Prezydent: zginął nasz żołnierz, doświadczony pilot, to ogromna strata

Zginął nasz żołnierz, doświadczony pilot, to zawsze ogromna strata ludzka i ogromna strata dla państwa polskiego - powiedział prezydent Andrzej Duda, przekazując wyrazy współczucia dla rodziny, przyjaciół i towarzyszy broni pilota, który zginął w katastrofie samolotu M-346 Bielik w Gdyni.

Prezydent zapewnił, że państwo zaopiekuje się rodziną zmarłego pilota. "Z całą pewnością Pałac Prezydencki, włącznie z Biurem Bezpieczeństwa Narodowego, jako to miejsce, gdzie koncentruje się wykonywanie zadań przez Zwierzchnika Sił Zbrojnych, czyli Prezydenta RP, będzie tutaj trzymał rękę na pulsie" - powiedział Andrzej Duda w Polsat News.

"Jestem tutaj spokojny, bo wiem, że Ministerstwo Obrony Narodowej i Sztab Generalny WP na pewno będą dbały, żeby w jak największym stopniu postarać się zabezpieczyć najbliższych pana majora" - dodał prezydent.

Jak zaznaczył, "niestety, doszło do tragicznej katastrofy". "Wyrazy współczucia dla rodziny, wszystkich przyjaciół, także przyjaciół w służbie, towarzyszy broni. (...) Zginął nasz żołnierz, doświadczony pilot, to zawsze ogromna strata ludzka i ogromna strata dla państwa polskiego" - powiedział Andrzej Duda.

W piątek na lotnisku w Gdyni Babich Dołach podczas lotu treningowego M-346 Bielik uderzył w płytę lotniska.
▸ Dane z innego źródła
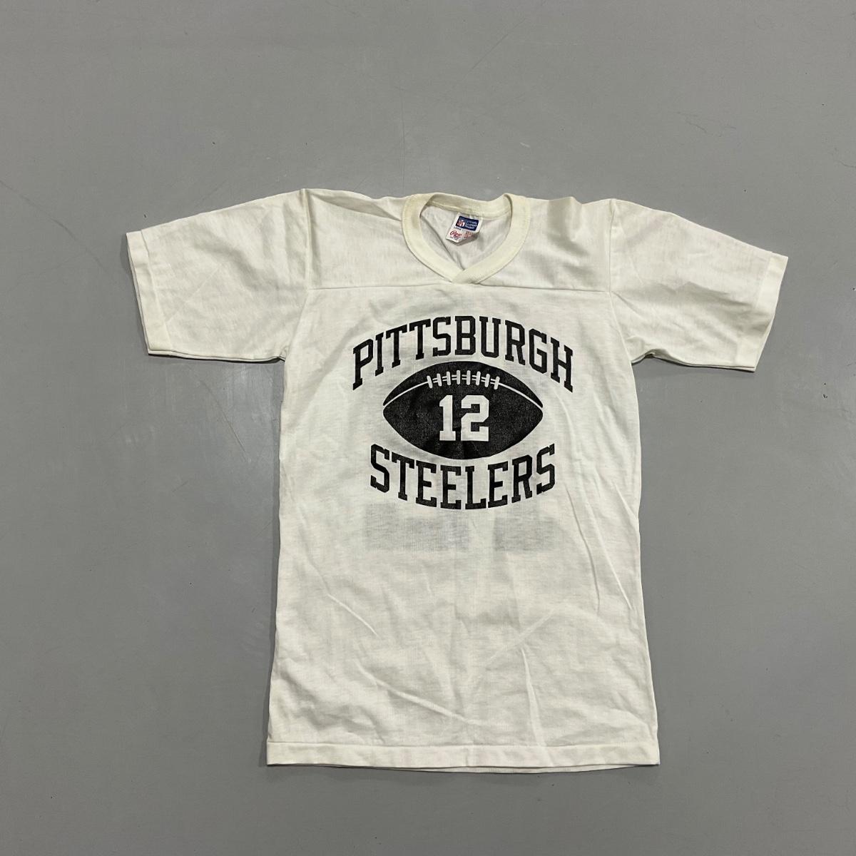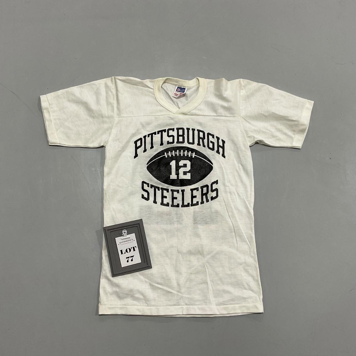 One 1970’s Terry Bradshaw Youth large 14-16 shirt, Pittsburgh Steelers Terry Bradshaw. Please see photos for details and condition. ::: Shipping is available on this lot. If you require shipping you must let us know at the close of the auction. We will coordinate with you after the item has been won. Shipping fees will include insurance up to or exceeding the value of all items being mailed. If you have any questions regarding this lot please contact the auctioneer either via this website, by direct email or by phone. PICK UP TIMES and other important information can be found in the TERMS and DESCRIPTION of the auction. Please take a look for pertinent information. Thanks!

Pilot maszyny poniósł śmierć na miejscu. Na pokładzie Bielika, czyli samolotu szkolno-treningowego M-346 Master, znajdował się mjr pil. Robert Jeł z jednostki w Dęblinie, który przygotowywał się do pokazu, zaplanowanego na sobotę na gdyńskim lotnisku z okazji 30-lecia Gdyńskiej Brygady Lotnictwa Marynarki Wojennej.

Jak poinformował gen. dywizji Ireneusz Nowak, Inspektor Sił Powietrznych w Dowództwie Generalnym Rodzajów Sił Zbrojnych, po katastrofie samolotu Bielik do odwołania wstrzymano wszystkie loty na takich maszynach. Trwa badanie przyczyn wypadku.(PAP)

mja/ sdd/ wus/

Partnerzy portalu

Dziękujemy za wysłane grafiki.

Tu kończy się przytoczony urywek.